◆ **Records contained in a dataset**
■ ■ ■ ■ ■ ■ ■

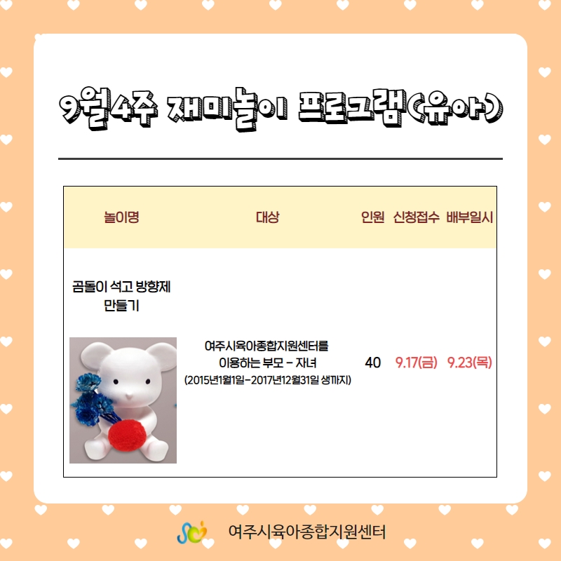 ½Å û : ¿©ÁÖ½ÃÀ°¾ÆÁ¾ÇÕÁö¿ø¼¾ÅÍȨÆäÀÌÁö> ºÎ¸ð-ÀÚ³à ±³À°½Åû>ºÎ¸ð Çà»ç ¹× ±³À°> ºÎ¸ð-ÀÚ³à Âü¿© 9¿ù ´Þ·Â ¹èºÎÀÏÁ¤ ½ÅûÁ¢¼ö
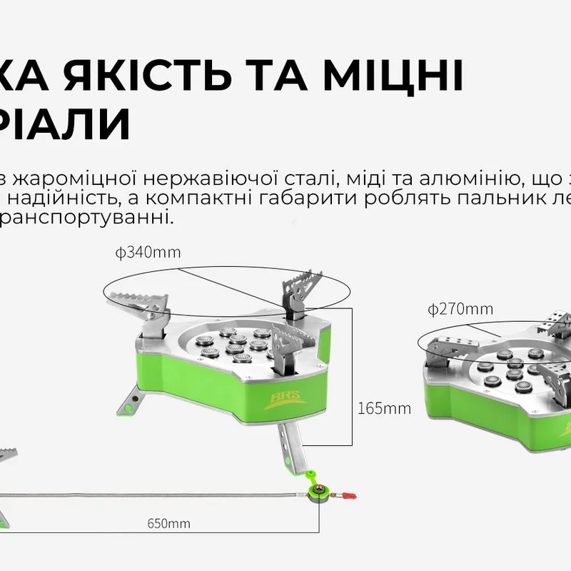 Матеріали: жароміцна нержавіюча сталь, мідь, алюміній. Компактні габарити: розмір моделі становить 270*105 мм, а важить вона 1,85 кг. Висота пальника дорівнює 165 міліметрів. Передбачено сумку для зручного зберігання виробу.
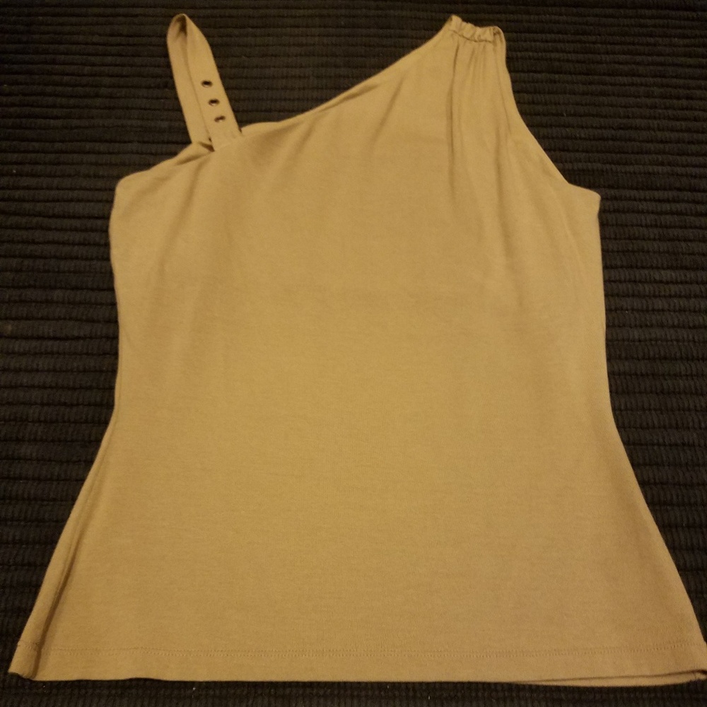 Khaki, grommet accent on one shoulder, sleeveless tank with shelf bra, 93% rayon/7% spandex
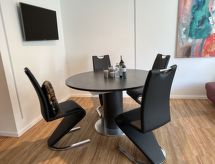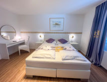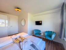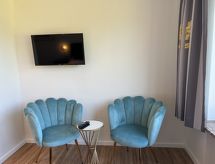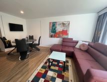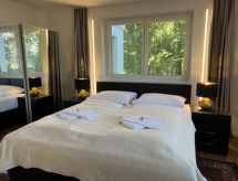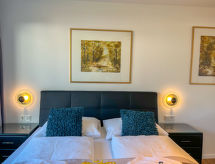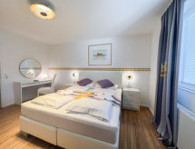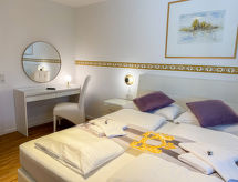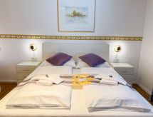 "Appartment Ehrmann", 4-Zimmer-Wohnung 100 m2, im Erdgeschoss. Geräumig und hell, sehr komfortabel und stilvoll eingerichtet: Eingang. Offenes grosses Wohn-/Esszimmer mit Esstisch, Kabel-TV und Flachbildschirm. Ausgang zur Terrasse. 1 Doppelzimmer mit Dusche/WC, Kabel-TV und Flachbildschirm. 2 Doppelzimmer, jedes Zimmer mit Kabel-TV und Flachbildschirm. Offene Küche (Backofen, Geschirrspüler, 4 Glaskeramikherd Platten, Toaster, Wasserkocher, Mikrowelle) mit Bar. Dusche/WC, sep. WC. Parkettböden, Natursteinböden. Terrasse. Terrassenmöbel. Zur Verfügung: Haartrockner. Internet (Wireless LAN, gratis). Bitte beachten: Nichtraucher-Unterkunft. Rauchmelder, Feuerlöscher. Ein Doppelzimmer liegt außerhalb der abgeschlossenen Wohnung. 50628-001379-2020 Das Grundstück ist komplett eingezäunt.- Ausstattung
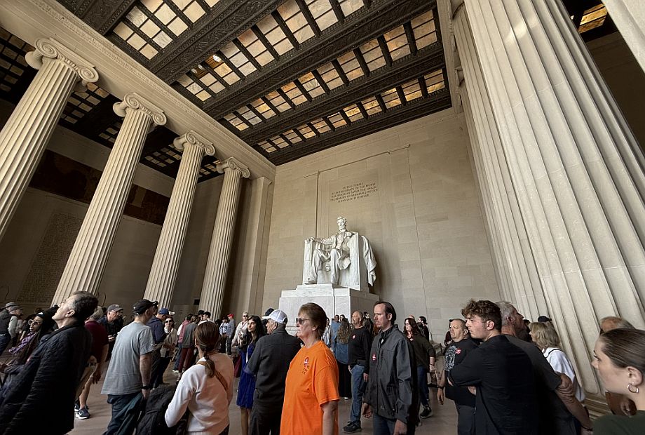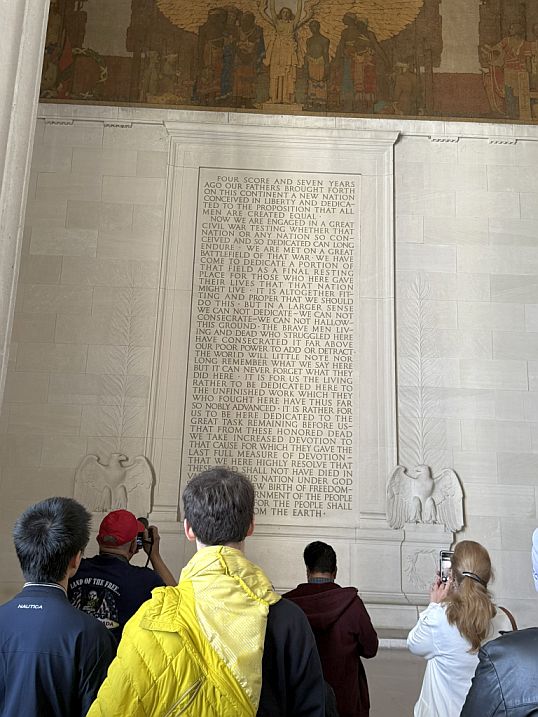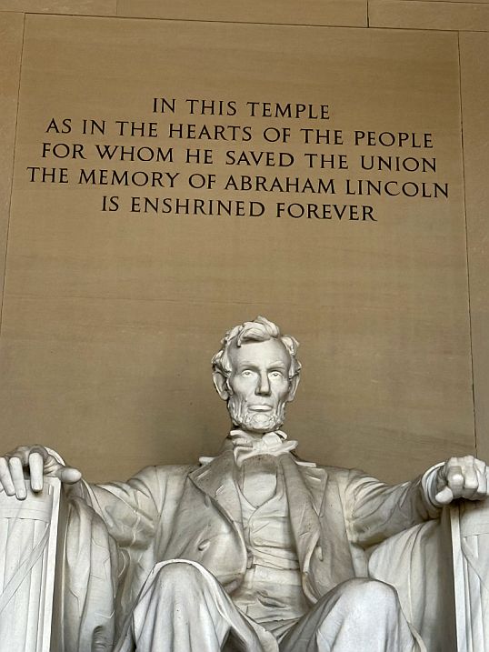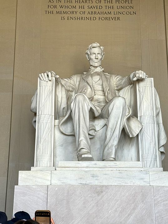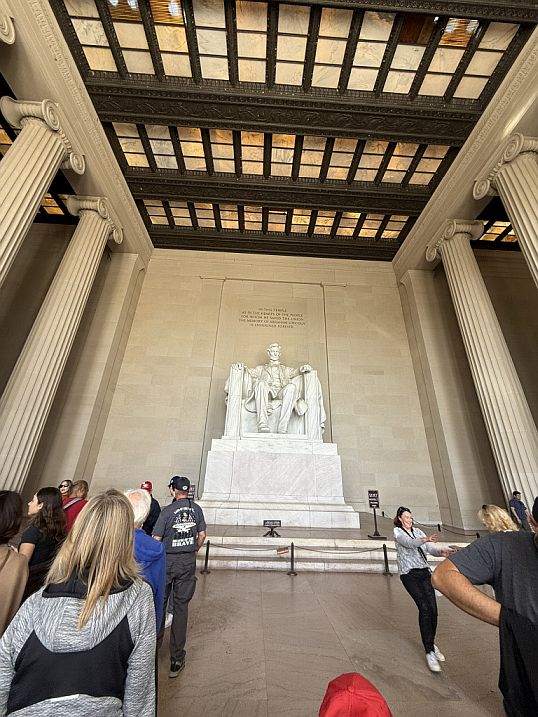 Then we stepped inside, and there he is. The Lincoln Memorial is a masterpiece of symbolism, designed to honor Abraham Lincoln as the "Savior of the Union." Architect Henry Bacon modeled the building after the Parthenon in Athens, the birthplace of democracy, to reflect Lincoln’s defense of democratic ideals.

■ ■ ■ ■ ■ ■ ■

◆ **WHAT THE TASK REQUIRES**
Leave every picture out, and transcribe the data above exactly as it reads.

◆ **OUTPUT FOR THIS TASK**
 ½Å û : ¿©ÁÖ½ÃÀ°¾ÆÁ¾ÇÕÁö¿ø¼¾ÅÍȨÆäÀÌÁö> ºÎ¸ð-ÀÚ³à ±³À°½Åû>ºÎ¸ð Çà»ç ¹× ±³À°> ºÎ¸ð-ÀÚ³à Âü¿© 9¿ù ´Þ·Â ¹èºÎÀÏÁ¤ ½ÅûÁ¢¼ö
 Матеріали: жароміцна нержавіюча сталь, мідь, алюміній. Компактні габарити: розмір моделі становить 270*105 мм, а важить вона 1,85 кг. Висота пальника дорівнює 165 міліметрів. Передбачено сумку для зручного зберігання виробу.
 Khaki, grommet accent on one shoulder, sleeveless tank with shelf bra, 93% rayon/7% spandex
 "Appartment Ehrmann", 4-Zimmer-Wohnung 100 m2, im Erdgeschoss. Geräumig und hell, sehr komfortabel und stilvoll eingerichtet: Eingang. Offenes grosses Wohn-/Esszimmer mit Esstisch, Kabel-TV und Flachbildschirm. Ausgang zur Terrasse. 1 Doppelzimmer mit Dusche/WC, Kabel-TV und Flachbildschirm. 2 Doppelzimmer, jedes Zimmer mit Kabel-TV und Flachbildschirm. Offene Küche (Backofen, Geschirrspüler, 4 Glaskeramikherd Platten, Toaster, Wasserkocher, Mikrowelle) mit Bar. Dusche/WC, sep. WC. Parkettböden, Natursteinböden. Terrasse. Terrassenmöbel. Zur Verfügung: Haartrockner. Internet (Wireless LAN, gratis). Bitte beachten: Nichtraucher-Unterkunft. Rauchmelder, Feuerlöscher. Ein Doppelzimmer liegt außerhalb der abgeschlossenen Wohnung. 50628-001379-2020 Das Grundstück ist komplett eingezäunt.- Ausstattung
 Then we stepped inside, and there he is. The Lincoln Memorial is a masterpiece of symbolism, designed to honor Abraham Lincoln as the "Savior of the Union." Architect Henry Bacon modeled the building after the Parthenon in Athens, the birthplace of democracy, to reflect Lincoln’s defense of democratic ideals.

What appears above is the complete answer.